We owe it to our children to deal with the crime of child trafficking on an urgent basis.

The crime of human trafficking involves two vulnerable sections among the poor and marginalised: women and children. In India, children are trafficked across states and, in relatively smaller numbers, to west Asian countries mostly for forced labour, domestic work and sexual exploitation. Often they are forced into begging, drug peddling, pornography and into exploitative sports like camel racing. Extreme poverty, destitution following natural and man-made disasters, and outbreak of armed conflicts are among the main reasons for children being sold or abducted into this modern form of slavery.
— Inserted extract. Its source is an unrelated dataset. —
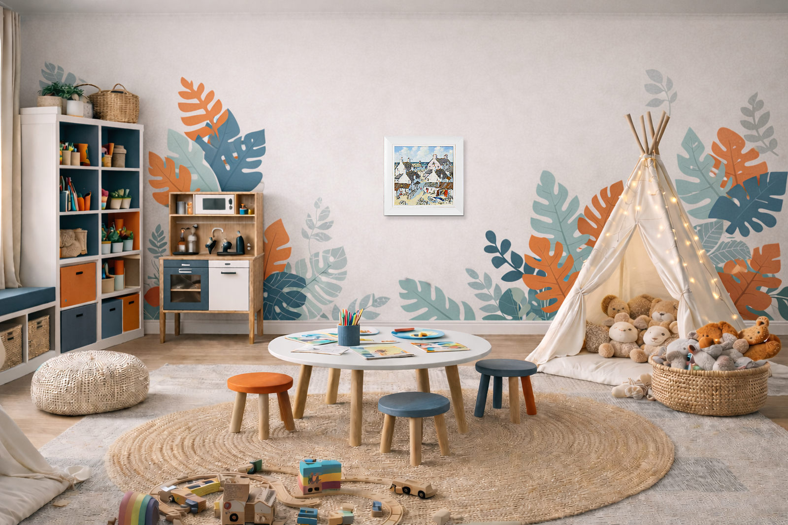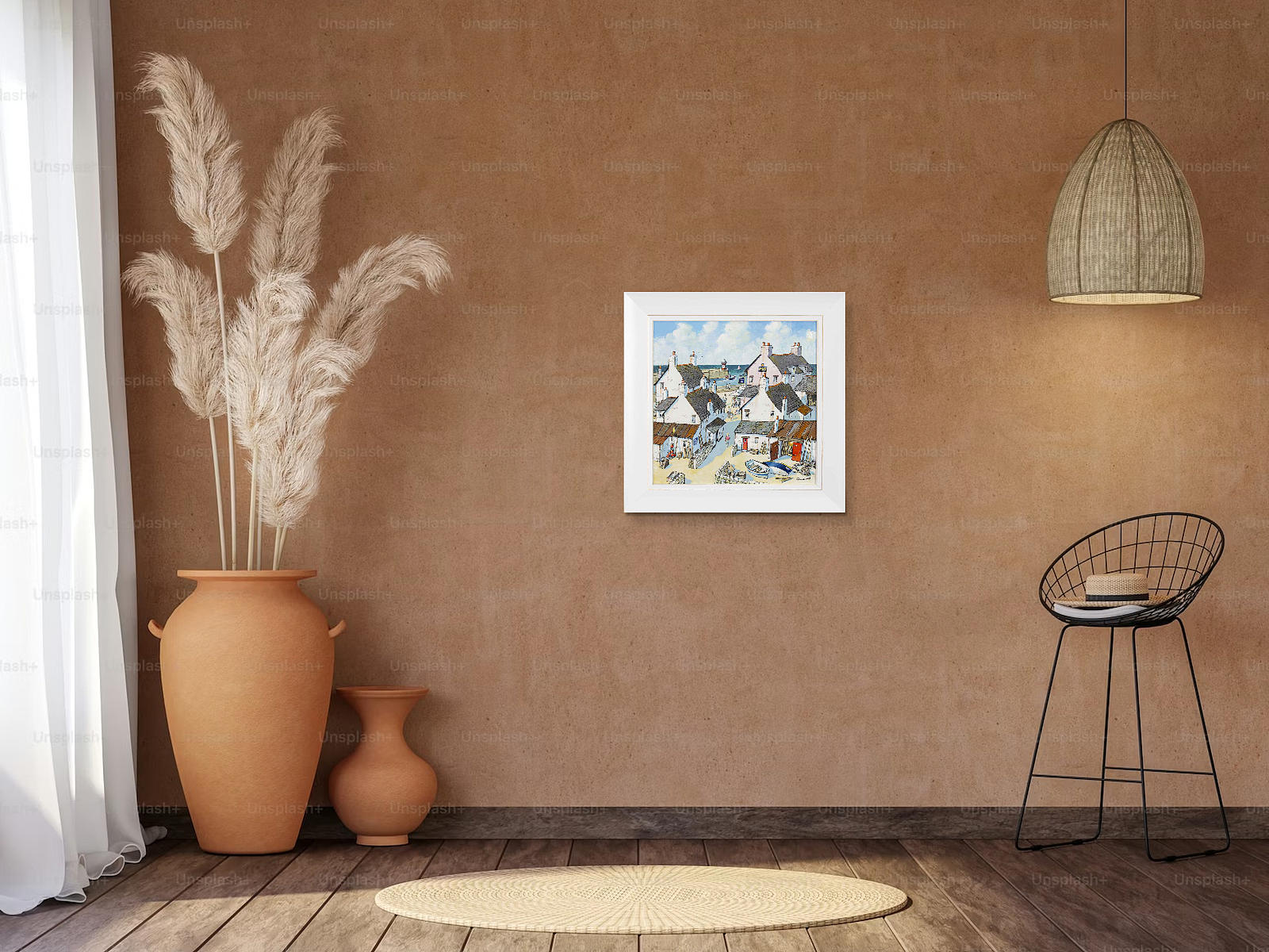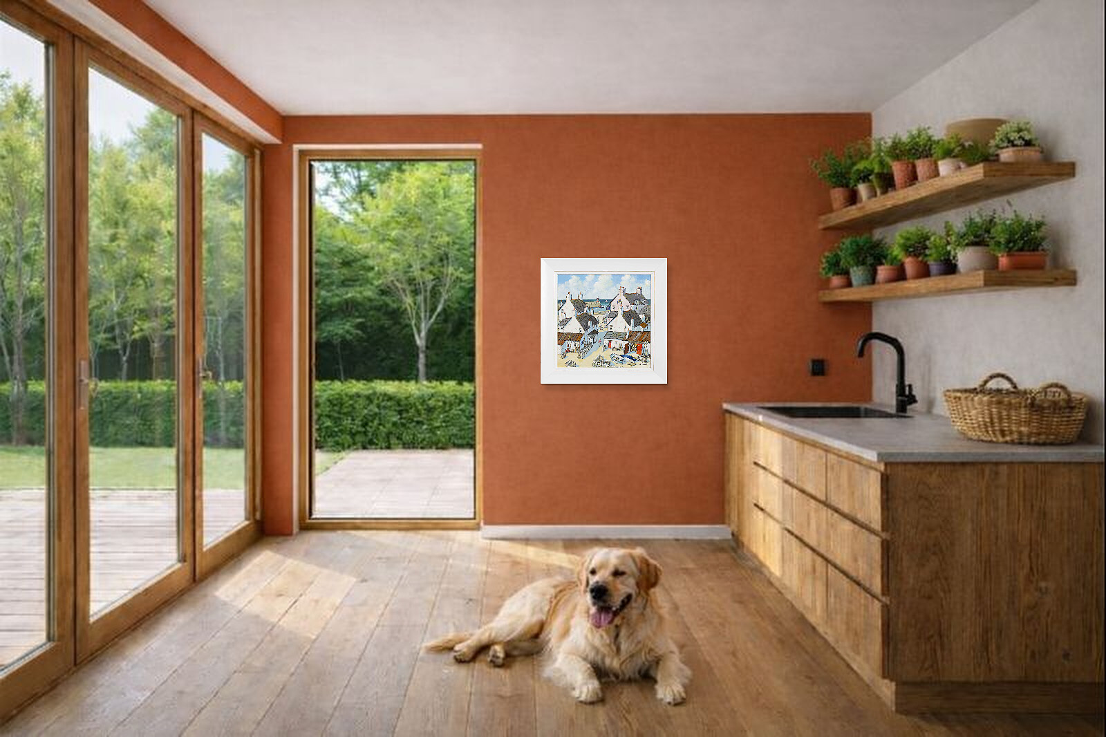 Playful coastal painting inspired the British south coast in Alan Smith’s signature contemporary style. Presented in white frame with edge details as shown and ready to hang.

Following a public interest litigation (piL) filed by the nongovernmental organisation (NGO) Bachpan Bachao Andolan in the Supreme Court recently, the solicitor general submitted a report on the mechanism to secure the rights of these children. Going by the statements and questions of the apex court in response to the PIL, not much seems to have changed since it delivered two landmark rulings on human trafficking in 1990 and 1997. The judges wanted to know why Section 376 (rape) of the Indian Penal Code was not invoked against the exploiters of the children in prostitution rackets and the victims were instead harassed. They also pointed to the need for more and better equipped shelter institutions and a special investigating agency to deal with the trafficking that occurs on the borders with Nepal, Bangladesh and Myanmar.